6.2. Practical scenarios
In our test scenario, we considered two important aspects that are often missing from HAR positioning experiments in the related work: (1) We used real target objects (Lego structures, Fig. 5) instead of virtual ones (e.g. target zones visualized with virtual rectangles) to simulate a practical scenario where virtual objects are very often spatially dependent on the environment [40]. (2) We did not have predetermined initial positions for the virtual objects.
In practical scenarios, the initial positioning is a fundamental part of AR content creation and it should not be separated from the position adjustment. Especially in case of SlidAR, where position adjustment is highly dependent on the accuracy of initial positioning. Simply adjusting the position between two points can be unrealistic if we are unable to justify why user would have chosen the specific initial position. In addition, we forced participants to move around while doing the tasks instead of just standing still or sitting. This is important, because HAR is used in mobile context, where users often move around.

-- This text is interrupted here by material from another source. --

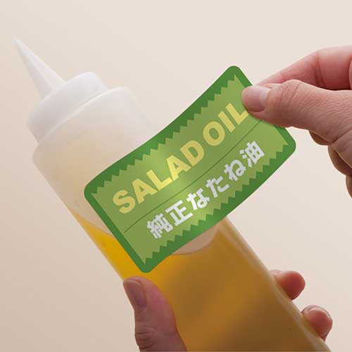 ●半光沢ホワイトフィルムの屋外用ラベル、油のついた面にも貼れるタイプ、12面です。
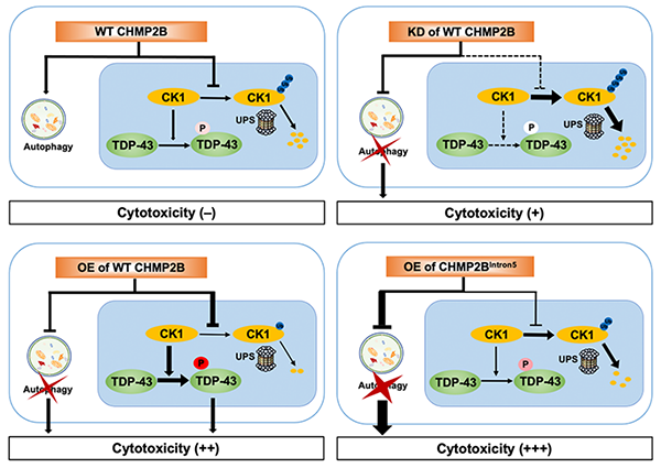 含有RNA结合蛋白TAR DNA-binding protein (TDP-43) 的异常蛋白聚集是肌萎缩性侧索硬化症 (amyotrophic lateral sclerosis, ALS) 和额颞叶痴呆 (frontotemporal dementia, FTD) 的关键病理标志物。ESCRT复合物蛋白charged multivesicular body protein 2B (CHMP2B) 也是一个与ALS和FTD都相关的致病蛋白,其致病机制被认为主要是它的突变引起内溶酶体-自噬通路功能障碍导致的。有趣的是,尽管超过95%的ALS病人和近45%的FTD病人中有TDP-43蛋白的异常聚集,在CHMP2B最常见的CHMP2BIntron5突变引起的FTD中没有检测到TDP-43蛋白的异常改变。因此,在以前发表的工作中,从未有人把TDP-43和CHMP2B这两个与ALS/FTD都相关的致病蛋白进行过分子机制上的关联研究。

There are still few matter that should be considered when applying our findings to practical scenarios, such as creating AR annotations to machines inside of factory or to medical equipment inside a hospital. In the test scenario, the participants were aware that the real objects are not mapped by the SLAM-system. This was because we wanted to focus on the specific HAR positioning problem that can occur often, but not every time. We designed the test scenario in a way that the positioning problem occurs every time. In practical scenarios, users might not always what in the environment is mapped and what is not. Thus, we would not know if the virtual object's initial position going to be correct or is position adjustment also needed. If we use SlidAR, it is not necessary to know is the real world object mapped or not because the initial positioning is conducted in similar manner in both situations. With HoldAR, however, we might need to choose a initial position differently if it is too far away from the target position.
We did not limit the movement in any way and participants were allowed us to freely move around the scene. Even though neither method did not require users to move 360° around the target position, various environments in practical secenarios might set limitations to the movement. This could possibly affect the efficiency of both methods: SlidAR requires the user to move to a new viewpoint and HoldAR relies to movement entirely.
Our test scenario was ideal for HoldAR, because we used an easily trackable ground plane in order to correctly show the depth cues. The complexity and the structure of the environment can vary a lot depending on the scenario. This can make the correct visualization of depth cues more difficult. SlidAR does not require depth cues to be visualized on the environment, thus it can be easily used in various practical scenarios with different level of environmental complexities.
The required level of accuracy can also depend highly on the scenario and the size of the objects that are being annotated. Small objects, such as buttons or cables, require very precise positioning. Larger objects, like factory machinery, can allow more ambiguity. Positioning to a larger object is easier, regardless of the used method. Initial positioning would be easier with SlidAR and the position adjustment would be easier with the HoldAR.
We used a tablet device, but both methods could also be used on a smartphone. Tablets are beneficial because they provide more screen estate thereby easing perception and gesture-based interactions [41]. This can be beneficial in industrial or medical systems where it is necessary to view conventional 2D information, in addition to AR information. The form-factor of the device and the amount of movement needed can affect the usability of HoldAR because it relies on the physical movement. With SlidAR, the form-factor affects the initial positioning because the device had to be kept as still as possible in order to perform the position adjustment correctly. The initial positioning can be improved by adding view freezing discussed in the previous section.
We chose a generic test scenario instead of a practical one, because the positioning problem can occur in any kind of practical scenario. Conducting the experiment in a practical scenario, such as inside a hospital or a factory is risky, because the results could be affected by unique features of the scenario itself. This would steer the research focus away from the fundamental object positioning problem that is not specific for any type of scenario. A generic test scenario allowed us to focus more closely to the positioning problem and it gave us a solid implications regarding the efficiency of SlidAR. Furthermore, the whole experiment gave us important knowledge about the positioning of virtual annotations to real world objects. Practical scenarios might have some differences compared to our test scenario, but these are rather minimal. Furthermore, we believe that in practical scenarios SlidAR would provide even greater efficiency over HoldAR, because HoldAR requires more movement and virtual depth cues. Despite the possible differences between our test scenario and practical scenarios, we strongly argue that our results can be applied to various scenarios, because the 3D positioning of virtual object is a requirement and fundamental part of any kind of practical scenario where we want to create AR content to the real world.